そして翌日、久しぶりに野球チームに行く気になってくれた息子の様子を短時間だけ見に行こうとグラウンドへ向かいました。すると、珍しくセカンドのポジションへ。コーチがサードから順にノックをしていくと、息子の順番がやってきました。「次R、行くぞ!」そう言われ、それなりにスピードのあるゴロをさばき、ファーストへ。ナイスフィールディング!ブランクなんてなんのその。自主練をやってるからね~なんて笑いを堪えながらその場を離れようとすると、息子が小さくバイバイ。見ていたよ、あなたの頑張りもいいチームだということも。手放すのは簡単なこと、せっかく出会えた人達だから、辞める時は次の目標が見つかってからにしよう。そうしたらきっとみんなが応援してくれる。あなたの仲間はそういう人達でしょ。心の中で呟き、気持ちよくその場を離れました。その後、砂だらけで帰ってきた息子のユニフォームを洗い、また電車に乗って別の公園でのこぎりを使った工作やサッカーを楽しみ、へとへとになって帰宅。息子を寝かしつけ、ようやくソファに座りテレビを点けると、ロッテの佐々木朗希投手が完全試合をやったというニュースを見つけ、釘付けになりました。東日本大震災があった日、岩手県陸前高田市の小学校にいた佐々木投手。津波が押し寄せ、学校のみんなで高台まで避難し、お母さんは無事でしたが、自宅は流され、お父さんと祖父母の方が亡くなったことを以前ニュースで知り、胸が潰れそうでした。避難所で大変な生活をする中で、彼の支えは野球だったそう。

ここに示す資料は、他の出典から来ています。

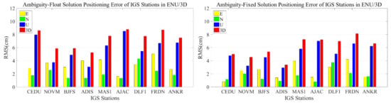 IGS station average positioning error of ambiguity-float (left) and ambiguity-fixed (right) solutions in E, N, and U directions and 3D-RMS.

『あの頃のことを思い返すと、こうしてプロ野球選手として野球ができる日々を本当に幸せに思います。ただ今あることは当たり前ではありません。だから毎日、目の前の時間を大切にするようにしています。生きている身として亡くなった人たちの分も一生懸命に生きていかないといけないと思っています。最後に日本全国、そして世界の人々に支えてもらったことへの感謝の気持ちを私は今後も忘れません。これからはプロの一軍の舞台で活躍することで支えてもらった方々に恩返しをして、東北の皆さまに明るい話題を提供できる存在になれるよう頑張ります。』(2020年4月2日産経新聞より一部抜粋)

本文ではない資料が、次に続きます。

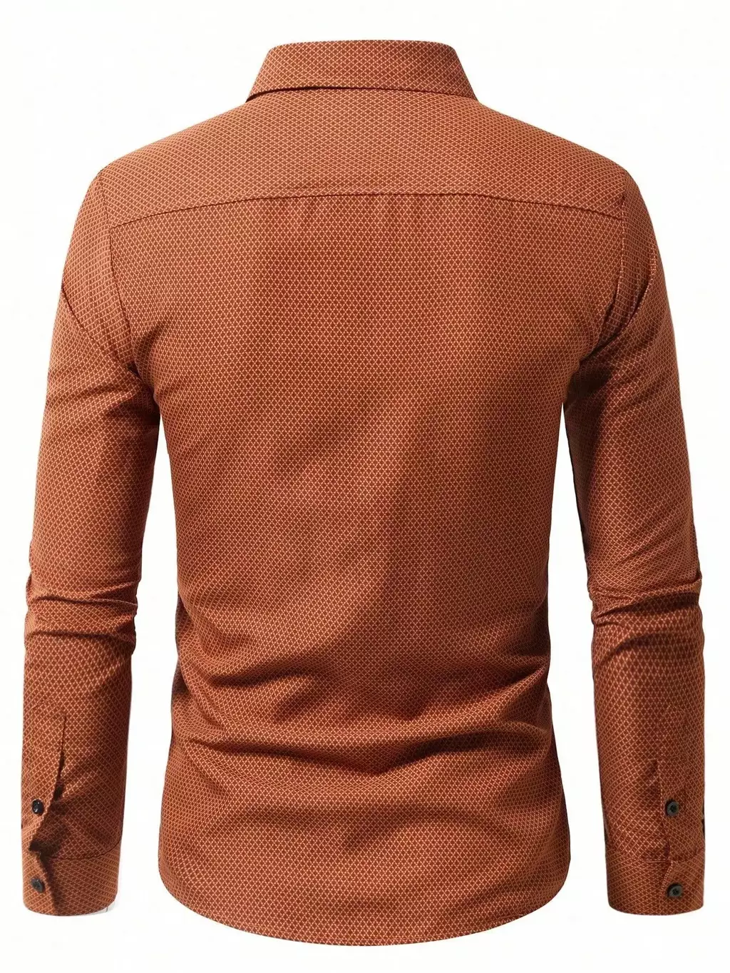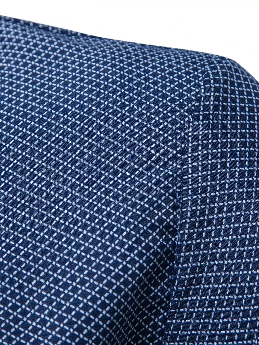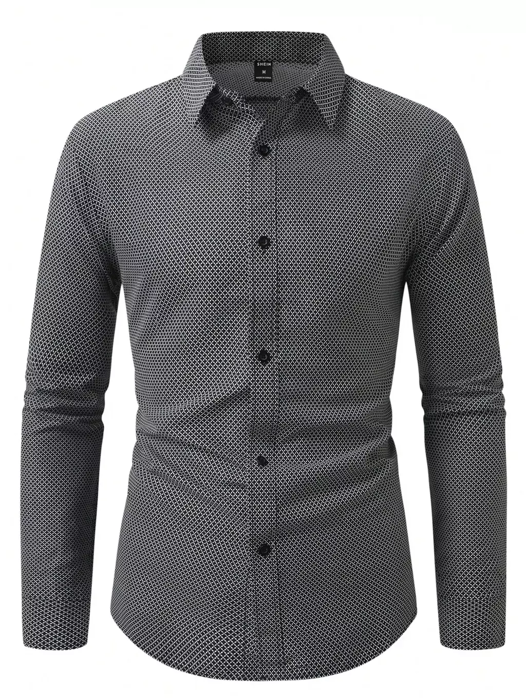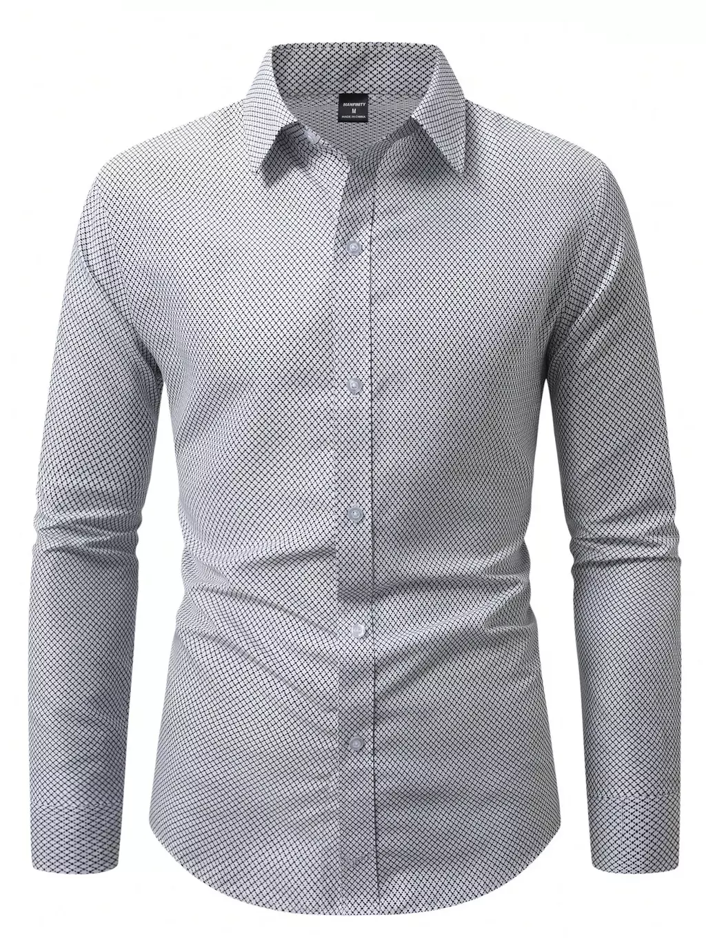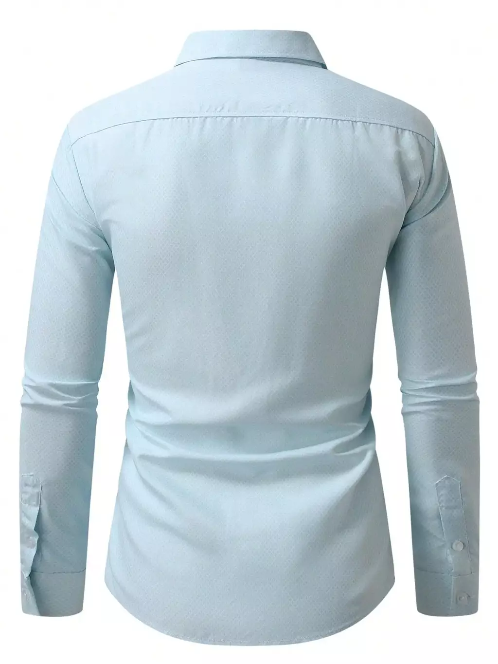 Confeccionada em tecido 100% poliéster de alta qualidade, oferece um caimento regular, confortável e bem estruturado. O modelo conta com manga longa regular, gola com variação de lapela e fechamento por botões frontais, garantindo um visual alinhado e moderno.

佐々木投手が、このような気持ちを抱き、マウンドに立っていることを知っていたので、一軍で完全試合を成し遂げ、彼の全ての方への感謝を途轍もなく大きな形で見せてくれたことに胸がいっぱいでした。キャッチャーは、高卒ルーキーの18歳松川虎生捕手。「真っすぐを生かして、フォークで三振を取れる部分もあった。いいところをしっかり引き出せたかなと思う。」キャッチャーというポジションがどれだけ重要な役割を担うのか、そして試合後のインタビューで20歳の佐々木投手が、「最後まで松川(捕手)を信じて投げた。」と伝えてくれたことに、バッテリーの何とも言えない信頼関係を感じました。

野球を通して、佐々木投手が届けてくれた想い、津波から高台に避難した一人の少年がやり遂げた完全試合は人の心に深く刻み込まれただろう。避難所で借りたグローブ、そこから彼の完全試合は始まっていたのかもしれない。